Export from the editor for one-offs. For batch jobs hit POST /api/v1/generate/template with the template ID. The connector re-fetches at generation time so every PDF reflects the latest Directus data.
Available on Business plan and above.
The Directus preset queries /items/{collection} on your Directus instance with a Static Access Token in the Authorization header. Collections come back as { data: [...] } arrays, individual items as { data: {...} }. The sections below cover token generation, fields and filter parameters, relations and self-hosted deployment.
In Directus admin, navigate to User Directory and pick the user who will own the token (or create a dedicated machine user for PDF generation). Scroll to the Token field, click Generate Token and copy the value. Save the user. The token is now valid until you regenerate it.
Token permissions follow the user's role. Most teams create a "Quaterio" role with read access to only the collections that feed PDFs. The token then cannot read anything outside that scope even if leaked. Standard least-privilege practice.
GET /items/{collection} returns { data: [...] }, the array contains every item the role can read. The default Response Field data.0.content picks the content field of the first item.
GET /items/{collection}/{id} returns { data: {...} }, a single item. For PDF templates that always render a specific record, change the URL to include the ID and change the Response Field to data.content (drop the .0 index). Cleaner and less brittle than relying on array order.
By default Directus returns every field on the item, which can be wasteful for PDF templates that only bind two or three. Use ?fields=title,content,published_at on the URL to scope the response. Speeds up fetches and shrinks what Quaterio has to walk in Detect Fields.
Relations are returned as IDs by default. To expand a single level of relations (resolve author IDs to author objects, for example), use ?fields=*.*. For deeper expansion use the dot path explicitly: ?fields=*, author.first_name, author.last_name. The connector passes the whole URL through.
Filter syntax is ?filter[field][operator]=value. Example: ?filter[status][_eq]=published&sort=-published_at&limit=10. The full operator list (_eq, _neq, _in, _contains, _gte, ...) is in the Directus docs.
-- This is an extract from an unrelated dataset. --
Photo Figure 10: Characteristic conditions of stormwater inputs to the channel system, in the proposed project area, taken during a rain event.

For multi-condition filters use the _and / _or wrappers. The URL grows quickly; if you find yourself fighting the encoding, build the URL via the Directus SDK in a small helper and paste the final string into the connection.
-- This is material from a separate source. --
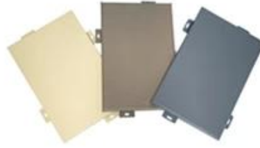
Ordinary Powder Aluminum Veneer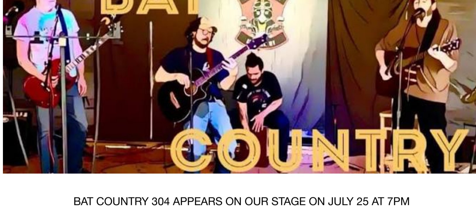
BAT COUNTRY 304 APPEARS ON OUR STAGE ON JULY 25 AT 7PM

These concerts are part of McCoy's Grand's continued commitment to creating affordable community entertainment and bringing people together through live music in the new Courtyard Plaza & Gardens.

Directus files live in a separate files collection. An item field that references a file stores the file UUID. To get the file URL into a PDF, expand the field with ?fields=*.* and the URL becomes available as the file's relative path on your Directus instance.
For absolute URLs, the file path needs prefixing with your Directus host (e.g. https://yoursite.com/assets/{uuid}). Quaterio resolves relative paths against the connection URL host at PDF render time when binding to image blocks.
Directus is self-hosted. Your instance needs to be reachable from the public internet at PDF generation time. Instances behind a VPN or private cloud cannot be read directly by the connector.
Common patterns: deploy Directus on Directus Cloud, Railway, Render, AWS or DigitalOcean with a public HTTPS endpoint and lock it down with role-based permissions on the static token. Or run a public proxy that fronts an internal install. The connector does not care which.
Directus Cloud is the managed offering, Directus handles infrastructure, backups and upgrades. From the connector's side it is identical to self-hosted: same /items/{collection} endpoint, same token in the Bearer header. The host is the {project}.directus.app URL or a custom domain.
Self-hosted Directus is free under the Business Source License. Run it on your own infrastructure with your own scaling story. The REST API contract does not change between the two.
CMS connections are part of the Quaterio Business plan and above ($30/mo). Pro plans get the editor and basic templates but not the Remote Content block. Free and Pro users who try to add a Remote Content block see an upgrade prompt.
Directus is free to self-host. Directus Cloud starts at $99/mo for the Standard plan. The REST API is included on every Directus tier; there is no extra cost for reading from Directus into Quaterio.